| Information provided |
§ §

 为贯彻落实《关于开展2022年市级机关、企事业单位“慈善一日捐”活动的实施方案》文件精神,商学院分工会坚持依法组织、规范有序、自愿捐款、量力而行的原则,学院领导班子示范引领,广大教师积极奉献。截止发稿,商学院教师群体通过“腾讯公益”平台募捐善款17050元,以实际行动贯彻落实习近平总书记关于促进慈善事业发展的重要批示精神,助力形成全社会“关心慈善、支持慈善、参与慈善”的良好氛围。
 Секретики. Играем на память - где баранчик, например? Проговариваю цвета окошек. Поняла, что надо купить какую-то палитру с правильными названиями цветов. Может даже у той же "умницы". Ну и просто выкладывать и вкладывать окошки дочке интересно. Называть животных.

§ §

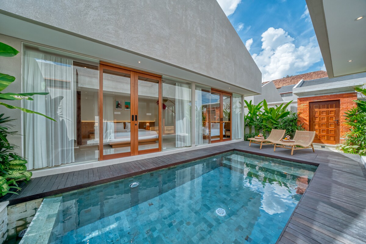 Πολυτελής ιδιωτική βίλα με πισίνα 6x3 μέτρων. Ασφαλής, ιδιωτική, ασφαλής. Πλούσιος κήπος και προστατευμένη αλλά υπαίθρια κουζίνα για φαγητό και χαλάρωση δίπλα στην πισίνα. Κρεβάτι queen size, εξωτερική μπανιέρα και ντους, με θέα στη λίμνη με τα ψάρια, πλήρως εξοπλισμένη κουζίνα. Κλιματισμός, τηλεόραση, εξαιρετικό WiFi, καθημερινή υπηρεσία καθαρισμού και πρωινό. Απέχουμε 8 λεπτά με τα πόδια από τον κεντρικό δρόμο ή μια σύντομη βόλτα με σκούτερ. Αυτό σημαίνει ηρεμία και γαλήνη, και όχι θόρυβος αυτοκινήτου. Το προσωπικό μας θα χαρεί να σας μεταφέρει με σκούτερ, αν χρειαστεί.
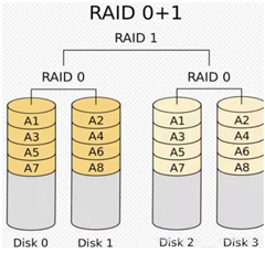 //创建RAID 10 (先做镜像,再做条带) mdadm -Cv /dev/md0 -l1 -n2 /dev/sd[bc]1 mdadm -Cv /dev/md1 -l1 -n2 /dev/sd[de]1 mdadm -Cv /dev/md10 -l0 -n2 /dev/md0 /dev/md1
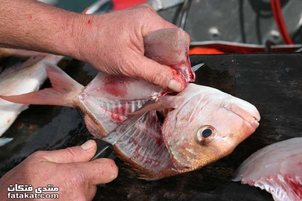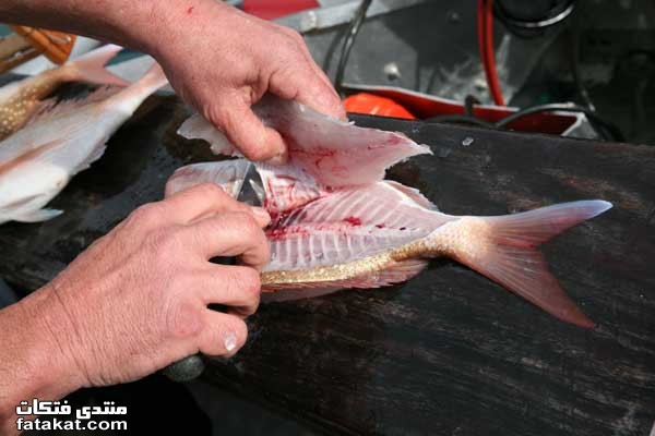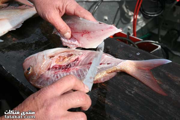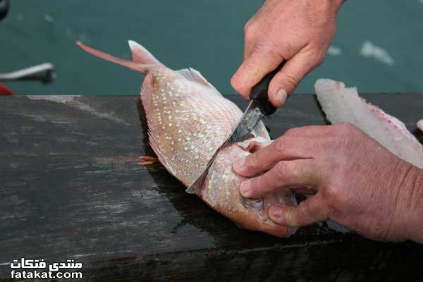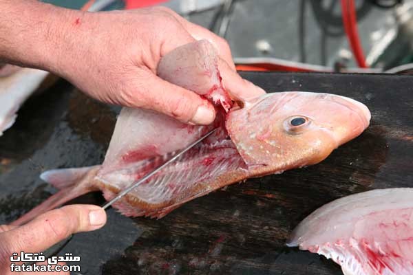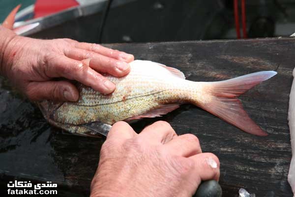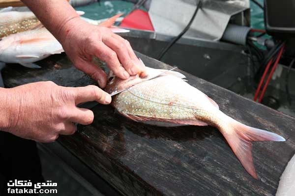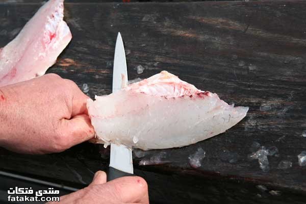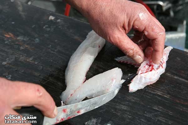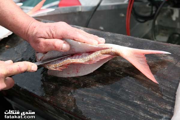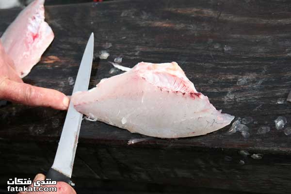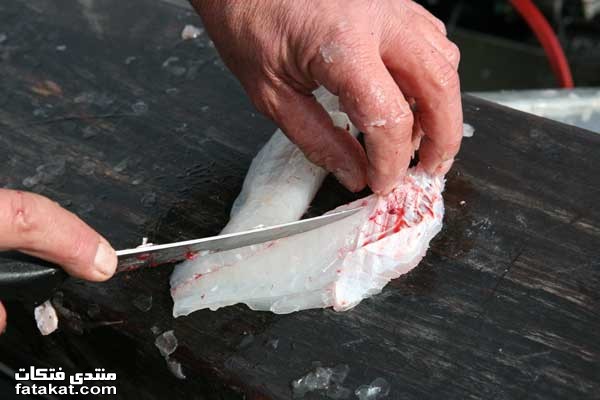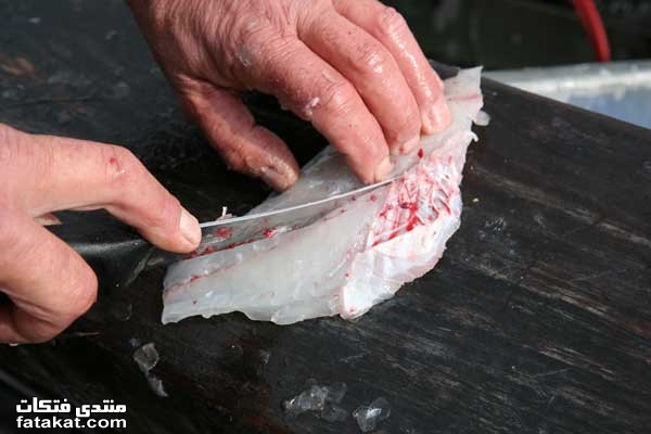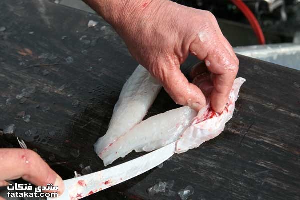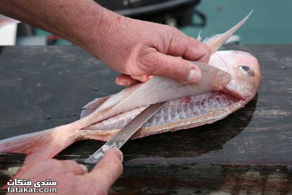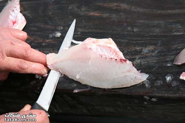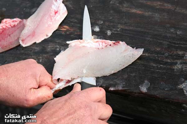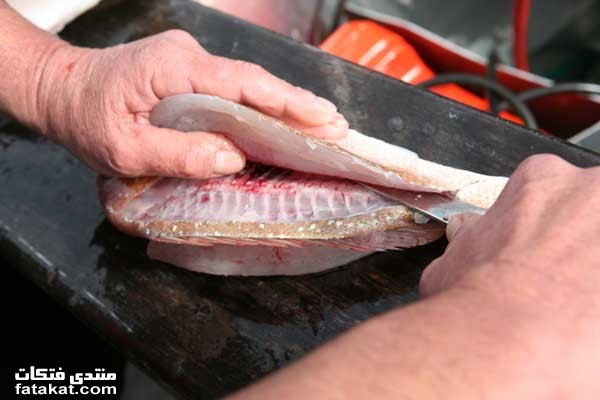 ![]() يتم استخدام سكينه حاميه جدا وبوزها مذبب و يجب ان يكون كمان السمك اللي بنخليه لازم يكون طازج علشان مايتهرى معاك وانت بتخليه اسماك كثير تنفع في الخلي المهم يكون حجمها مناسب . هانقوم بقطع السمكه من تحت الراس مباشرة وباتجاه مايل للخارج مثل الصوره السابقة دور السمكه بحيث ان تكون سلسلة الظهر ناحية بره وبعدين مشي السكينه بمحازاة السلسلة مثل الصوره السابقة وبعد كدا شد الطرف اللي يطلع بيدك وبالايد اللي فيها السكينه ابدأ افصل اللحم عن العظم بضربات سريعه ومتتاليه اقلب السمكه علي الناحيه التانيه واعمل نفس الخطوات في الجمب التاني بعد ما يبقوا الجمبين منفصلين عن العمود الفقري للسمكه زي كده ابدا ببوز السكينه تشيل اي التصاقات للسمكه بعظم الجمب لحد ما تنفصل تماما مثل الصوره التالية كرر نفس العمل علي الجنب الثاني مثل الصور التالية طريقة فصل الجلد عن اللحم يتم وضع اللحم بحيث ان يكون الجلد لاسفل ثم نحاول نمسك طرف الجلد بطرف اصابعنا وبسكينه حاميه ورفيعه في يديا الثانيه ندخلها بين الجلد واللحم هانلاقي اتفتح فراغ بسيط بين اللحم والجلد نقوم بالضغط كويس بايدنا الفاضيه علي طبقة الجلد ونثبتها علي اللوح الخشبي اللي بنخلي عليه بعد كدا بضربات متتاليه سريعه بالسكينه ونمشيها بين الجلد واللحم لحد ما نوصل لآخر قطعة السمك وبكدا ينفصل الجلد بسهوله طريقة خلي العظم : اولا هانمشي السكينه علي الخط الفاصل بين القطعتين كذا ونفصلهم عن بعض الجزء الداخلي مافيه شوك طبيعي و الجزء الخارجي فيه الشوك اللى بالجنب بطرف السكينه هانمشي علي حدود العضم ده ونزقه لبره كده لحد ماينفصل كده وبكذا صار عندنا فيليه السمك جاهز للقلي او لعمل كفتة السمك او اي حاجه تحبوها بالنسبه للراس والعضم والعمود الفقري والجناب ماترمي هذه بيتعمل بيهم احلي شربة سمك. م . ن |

§ §

| Work to be completed |
Start with the line above that contains "为贯彻落实《关于开展2022" and end with the line that contains "Секретики. Играем на". Write out those lines exactly, and only those.

| Reply |
 为贯彻落实《关于开展2022年市级机关、企事业单位“慈善一日捐”活动的实施方案》文件精神,商学院分工会坚持依法组织、规范有序、自愿捐款、量力而行的原则,学院领导班子示范引领,广大教师积极奉献。截止发稿,商学院教师群体通过“腾讯公益”平台募捐善款17050元,以实际行动贯彻落实习近平总书记关于促进慈善事业发展的重要批示精神,助力形成全社会“关心慈善、支持慈善、参与慈善”的良好氛围。
 Секретики. Играем на память - где баранчик, например? Проговариваю цвета окошек. Поняла, что надо купить какую-то палитру с правильными названиями цветов. Может даже у той же "умницы". Ну и просто выкладывать и вкладывать окошки дочке интересно. Называть животных.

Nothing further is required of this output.